Problem to work on: Would you print every entry below exactly as written, omitting the images?

Material shown:
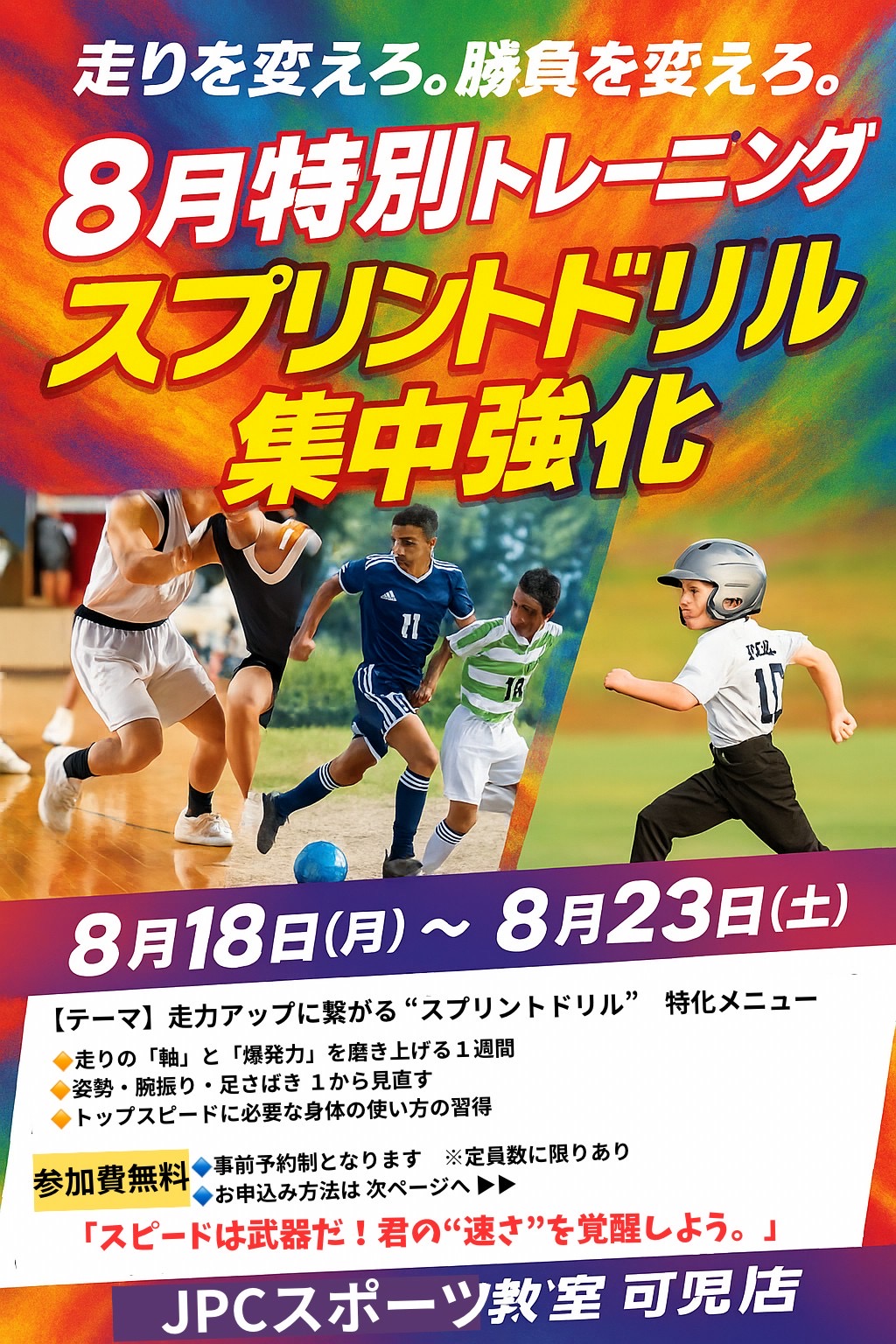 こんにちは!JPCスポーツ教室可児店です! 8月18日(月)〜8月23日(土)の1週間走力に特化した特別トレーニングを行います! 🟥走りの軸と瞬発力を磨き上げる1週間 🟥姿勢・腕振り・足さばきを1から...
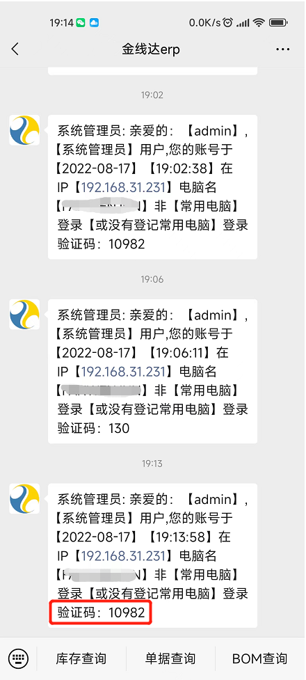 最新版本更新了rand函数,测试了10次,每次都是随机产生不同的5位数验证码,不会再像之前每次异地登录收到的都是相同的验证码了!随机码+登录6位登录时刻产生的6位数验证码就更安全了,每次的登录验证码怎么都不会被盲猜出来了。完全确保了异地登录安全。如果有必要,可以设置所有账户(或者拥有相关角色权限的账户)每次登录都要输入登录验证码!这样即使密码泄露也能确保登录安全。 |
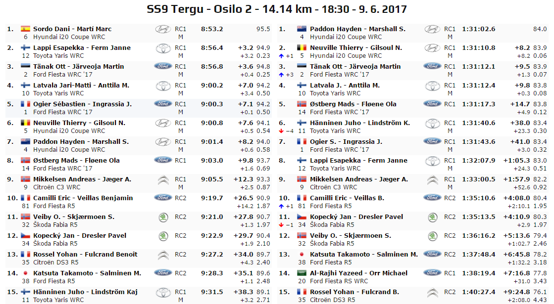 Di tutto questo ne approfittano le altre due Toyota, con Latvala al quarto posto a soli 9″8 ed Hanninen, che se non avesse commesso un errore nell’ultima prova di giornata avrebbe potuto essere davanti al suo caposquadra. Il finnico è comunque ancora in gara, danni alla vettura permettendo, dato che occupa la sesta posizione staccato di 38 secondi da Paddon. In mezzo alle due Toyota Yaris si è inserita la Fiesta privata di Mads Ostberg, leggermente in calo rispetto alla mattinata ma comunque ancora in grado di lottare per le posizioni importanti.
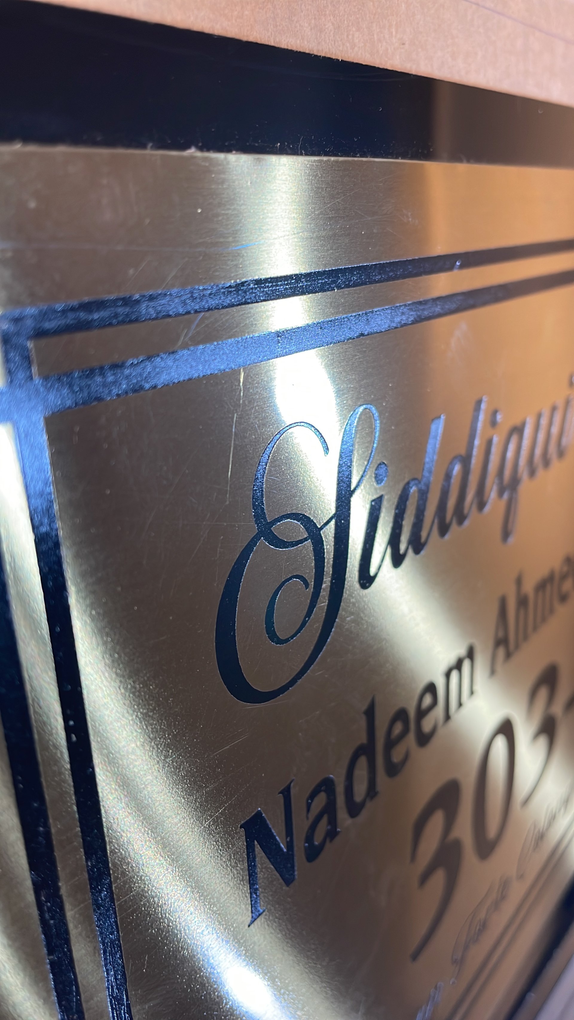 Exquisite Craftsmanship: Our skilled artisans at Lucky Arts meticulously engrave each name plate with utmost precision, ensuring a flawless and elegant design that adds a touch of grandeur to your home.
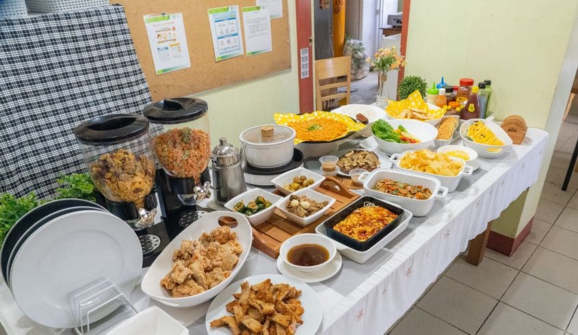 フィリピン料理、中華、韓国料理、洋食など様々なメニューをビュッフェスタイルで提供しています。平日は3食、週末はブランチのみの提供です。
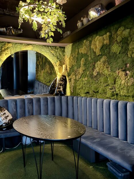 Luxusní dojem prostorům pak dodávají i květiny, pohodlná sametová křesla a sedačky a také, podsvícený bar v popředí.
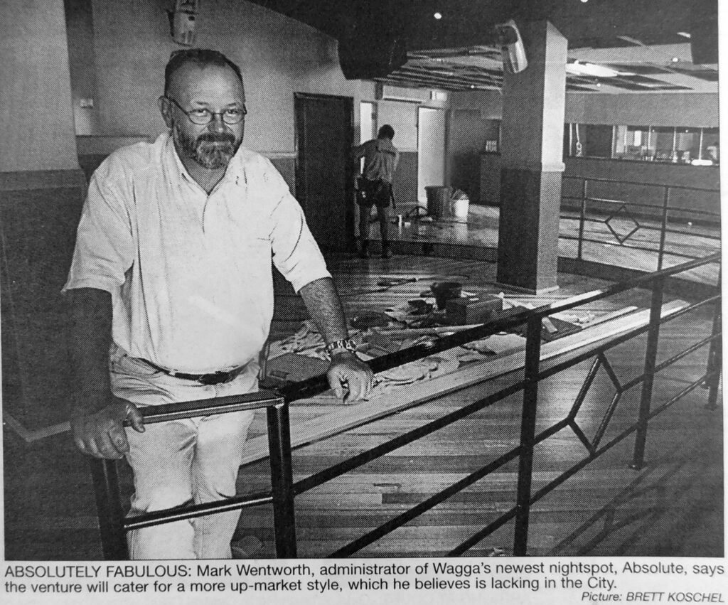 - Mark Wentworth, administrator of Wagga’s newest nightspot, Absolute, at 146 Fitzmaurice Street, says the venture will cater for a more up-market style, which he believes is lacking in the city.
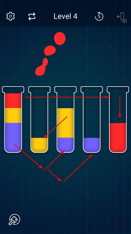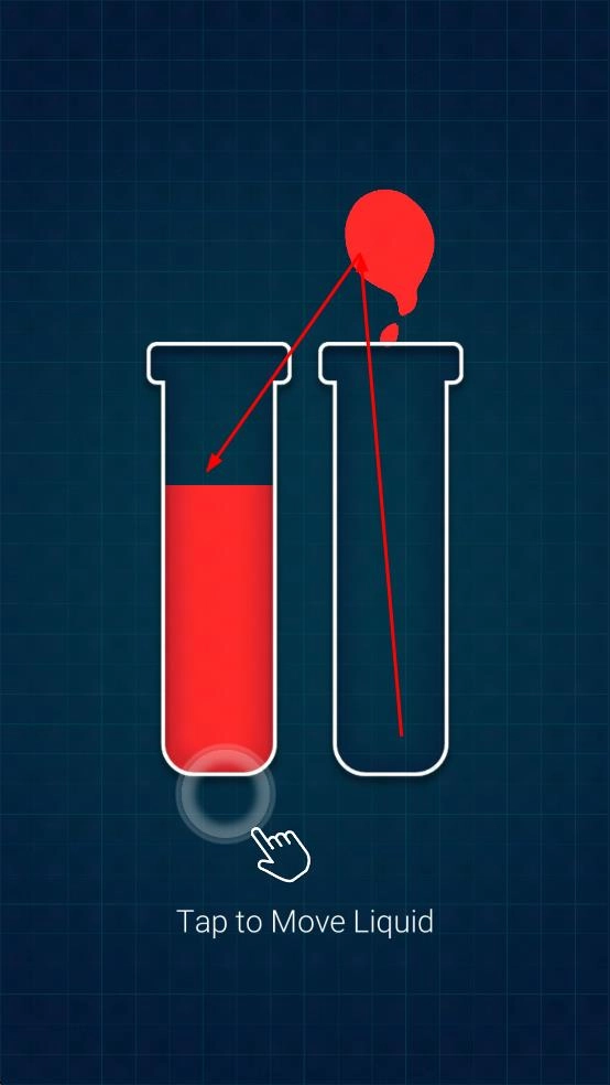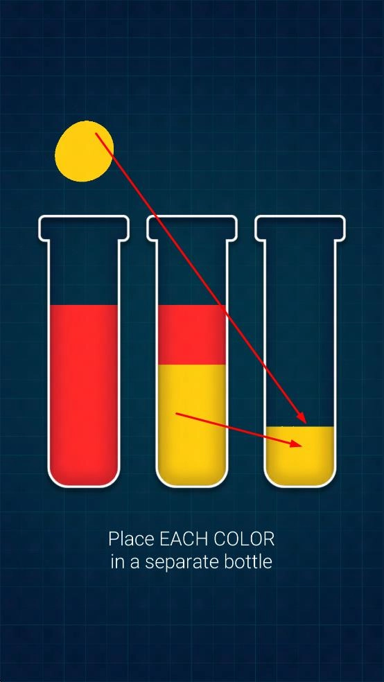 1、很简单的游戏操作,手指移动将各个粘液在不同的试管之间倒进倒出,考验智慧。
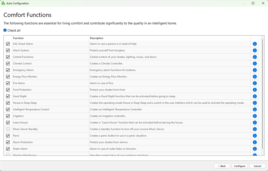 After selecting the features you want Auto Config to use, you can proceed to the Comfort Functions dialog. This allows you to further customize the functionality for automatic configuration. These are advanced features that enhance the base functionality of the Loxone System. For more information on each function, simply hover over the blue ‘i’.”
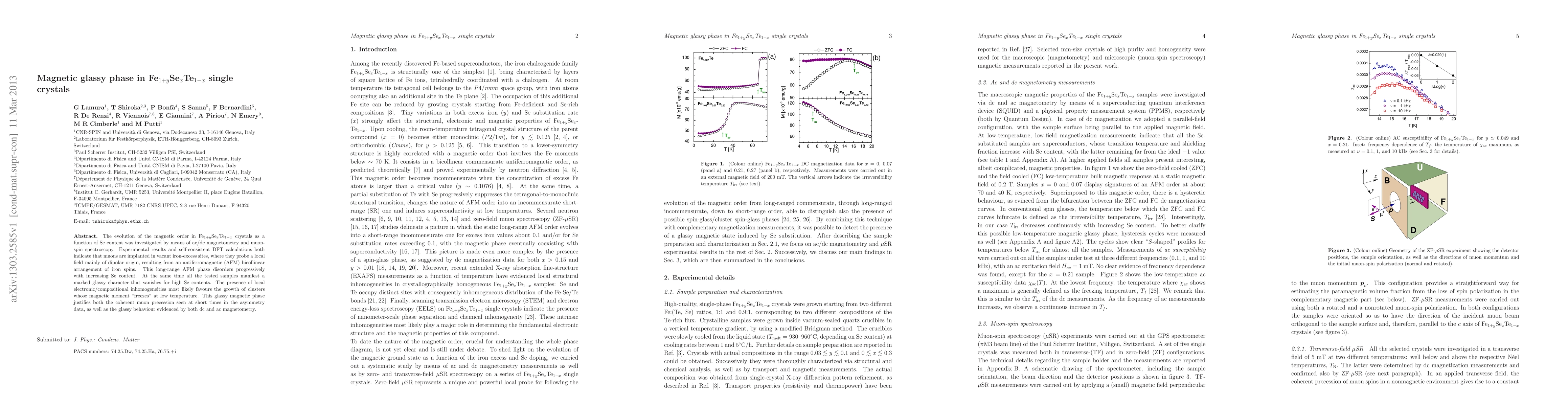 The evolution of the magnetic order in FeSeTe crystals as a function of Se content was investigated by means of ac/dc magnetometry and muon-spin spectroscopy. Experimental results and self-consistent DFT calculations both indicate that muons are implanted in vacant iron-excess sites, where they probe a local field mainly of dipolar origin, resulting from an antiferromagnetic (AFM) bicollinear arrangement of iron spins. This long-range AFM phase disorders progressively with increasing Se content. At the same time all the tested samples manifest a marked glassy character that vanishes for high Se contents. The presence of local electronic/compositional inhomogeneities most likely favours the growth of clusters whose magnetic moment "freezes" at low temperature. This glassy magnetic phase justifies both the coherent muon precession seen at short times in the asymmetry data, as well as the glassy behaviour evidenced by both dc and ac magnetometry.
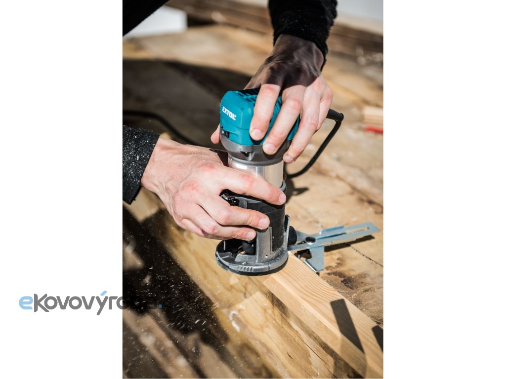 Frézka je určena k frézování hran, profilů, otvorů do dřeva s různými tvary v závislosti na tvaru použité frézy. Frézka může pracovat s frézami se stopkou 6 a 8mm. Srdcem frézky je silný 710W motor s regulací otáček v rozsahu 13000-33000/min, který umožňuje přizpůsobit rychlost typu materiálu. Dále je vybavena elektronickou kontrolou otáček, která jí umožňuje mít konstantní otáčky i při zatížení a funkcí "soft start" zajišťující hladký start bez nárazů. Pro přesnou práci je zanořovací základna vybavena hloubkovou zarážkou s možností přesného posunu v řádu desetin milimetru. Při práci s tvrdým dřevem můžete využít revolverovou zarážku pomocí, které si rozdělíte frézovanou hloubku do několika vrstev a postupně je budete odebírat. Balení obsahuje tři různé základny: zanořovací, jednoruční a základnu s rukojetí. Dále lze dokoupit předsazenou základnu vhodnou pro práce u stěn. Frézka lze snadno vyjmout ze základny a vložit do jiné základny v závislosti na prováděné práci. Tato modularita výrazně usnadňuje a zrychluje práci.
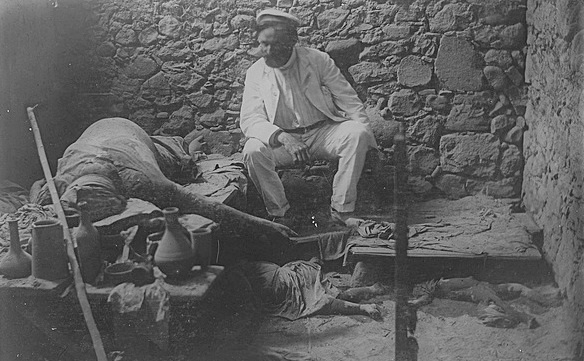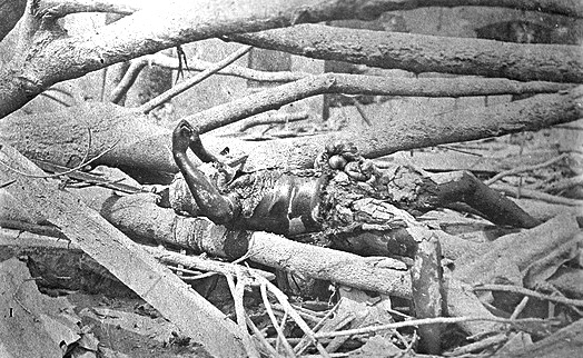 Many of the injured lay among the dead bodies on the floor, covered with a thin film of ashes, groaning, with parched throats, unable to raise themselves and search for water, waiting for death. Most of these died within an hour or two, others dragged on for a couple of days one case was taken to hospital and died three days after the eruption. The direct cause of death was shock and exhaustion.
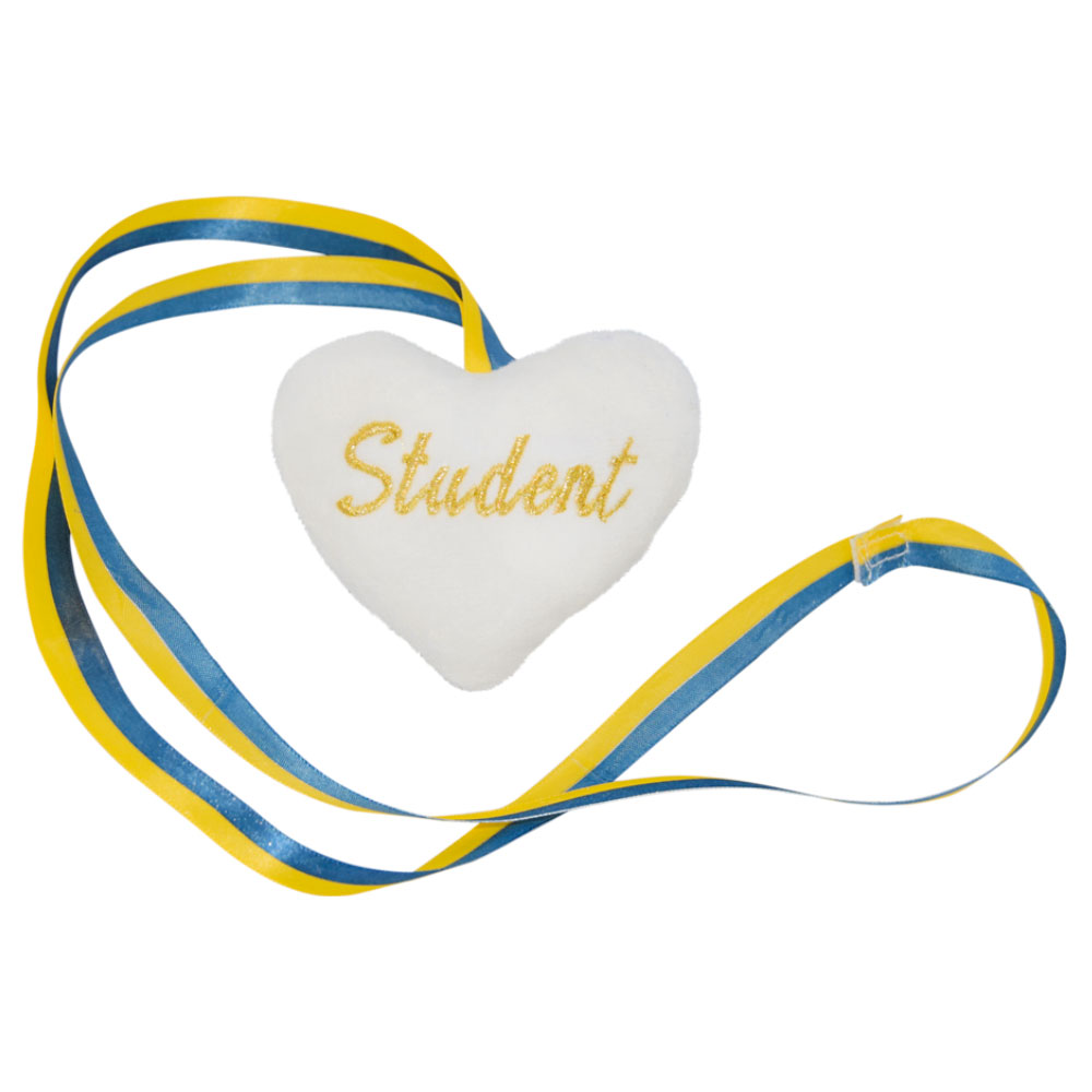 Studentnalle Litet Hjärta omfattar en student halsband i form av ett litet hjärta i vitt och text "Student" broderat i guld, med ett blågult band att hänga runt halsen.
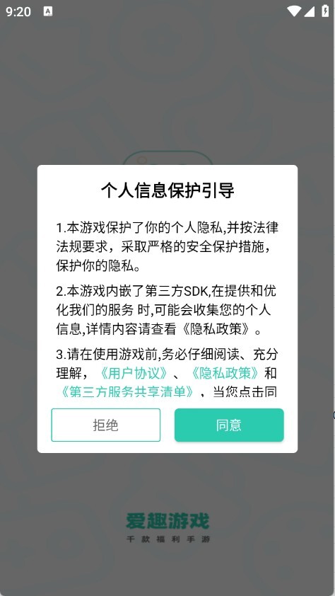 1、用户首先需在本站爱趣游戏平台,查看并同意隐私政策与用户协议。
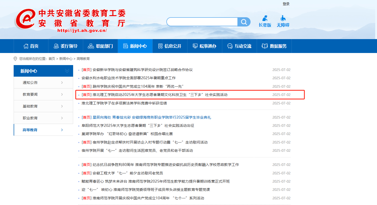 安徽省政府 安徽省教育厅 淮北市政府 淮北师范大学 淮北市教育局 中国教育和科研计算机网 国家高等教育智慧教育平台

Answer to the problem:
 こんにちは!JPCスポーツ教室可児店です! 8月18日(月)〜8月23日(土)の1週間走力に特化した特別トレーニングを行います! 🟥走りの軸と瞬発力を磨き上げる1週間 🟥姿勢・腕振り・足さばきを1から...
 最新版本更新了rand函数,测试了10次,每次都是随机产生不同的5位数验证码,不会再像之前每次异地登录收到的都是相同的验证码了!随机码+登录6位登录时刻产生的6位数验证码就更安全了,每次的登录验证码怎么都不会被盲猜出来了。完全确保了异地登录安全。如果有必要,可以设置所有账户(或者拥有相关角色权限的账户)每次登录都要输入登录验证码!这样即使密码泄露也能确保登录安全。 |
 Di tutto questo ne approfittano le altre due Toyota, con Latvala al quarto posto a soli 9″8 ed Hanninen, che se non avesse commesso un errore nell’ultima prova di giornata avrebbe potuto essere davanti al suo caposquadra. Il finnico è comunque ancora in gara, danni alla vettura permettendo, dato che occupa la sesta posizione staccato di 38 secondi da Paddon. In mezzo alle due Toyota Yaris si è inserita la Fiesta privata di Mads Ostberg, leggermente in calo rispetto alla mattinata ma comunque ancora in grado di lottare per le posizioni importanti.
 Exquisite Craftsmanship: Our skilled artisans at Lucky Arts meticulously engrave each name plate with utmost precision, ensuring a flawless and elegant design that adds a touch of grandeur to your home.
 フィリピン料理、中華、韓国料理、洋食など様々なメニューをビュッフェスタイルで提供しています。平日は3食、週末はブランチのみの提供です。
 Luxusní dojem prostorům pak dodávají i květiny, pohodlná sametová křesla a sedačky a také, podsvícený bar v popředí.
 - Mark Wentworth, administrator of Wagga’s newest nightspot, Absolute, at 146 Fitzmaurice Street, says the venture will cater for a more up-market style, which he believes is lacking in the city.
 1、很简单的游戏操作,手指移动将各个粘液在不同的试管之间倒进倒出,考验智慧。
 After selecting the features you want Auto Config to use, you can proceed to the Comfort Functions dialog. This allows you to further customize the functionality for automatic configuration. These are advanced features that enhance the base functionality of the Loxone System. For more information on each function, simply hover over the blue ‘i’.”
 The evolution of the magnetic order in FeSeTe crystals as a function of Se content was investigated by means of ac/dc magnetometry and muon-spin spectroscopy. Experimental results and self-consistent DFT calculations both indicate that muons are implanted in vacant iron-excess sites, where they probe a local field mainly of dipolar origin, resulting from an antiferromagnetic (AFM) bicollinear arrangement of iron spins. This long-range AFM phase disorders progressively with increasing Se content. At the same time all the tested samples manifest a marked glassy character that vanishes for high Se contents. The presence of local electronic/compositional inhomogeneities most likely favours the growth of clusters whose magnetic moment "freezes" at low temperature. This glassy magnetic phase justifies both the coherent muon precession seen at short times in the asymmetry data, as well as the glassy behaviour evidenced by both dc and ac magnetometry.
 Frézka je určena k frézování hran, profilů, otvorů do dřeva s různými tvary v závislosti na tvaru použité frézy. Frézka může pracovat s frézami se stopkou 6 a 8mm. Srdcem frézky je silný 710W motor s regulací otáček v rozsahu 13000-33000/min, který umožňuje přizpůsobit rychlost typu materiálu. Dále je vybavena elektronickou kontrolou otáček, která jí umožňuje mít konstantní otáčky i při zatížení a funkcí "soft start" zajišťující hladký start bez nárazů. Pro přesnou práci je zanořovací základna vybavena hloubkovou zarážkou s možností přesného posunu v řádu desetin milimetru. Při práci s tvrdým dřevem můžete využít revolverovou zarážku pomocí, které si rozdělíte frézovanou hloubku do několika vrstev a postupně je budete odebírat. Balení obsahuje tři různé základny: zanořovací, jednoruční a základnu s rukojetí. Dále lze dokoupit předsazenou základnu vhodnou pro práce u stěn. Frézka lze snadno vyjmout ze základny a vložit do jiné základny v závislosti na prováděné práci. Tato modularita výrazně usnadňuje a zrychluje práci.
 Many of the injured lay among the dead bodies on the floor, covered with a thin film of ashes, groaning, with parched throats, unable to raise themselves and search for water, waiting for death. Most of these died within an hour or two, others dragged on for a couple of days one case was taken to hospital and died three days after the eruption. The direct cause of death was shock and exhaustion.
 Studentnalle Litet Hjärta omfattar en student halsband i form av ett litet hjärta i vitt och text "Student" broderat i guld, med ett blågult band att hänga runt halsen.
 1、用户首先需在本站爱趣游戏平台,查看并同意隐私政策与用户协议。
 安徽省政府 安徽省教育厅 淮北市政府 淮北师范大学 淮北市教育局 中国教育和科研计算机网 国家高等教育智慧教育平台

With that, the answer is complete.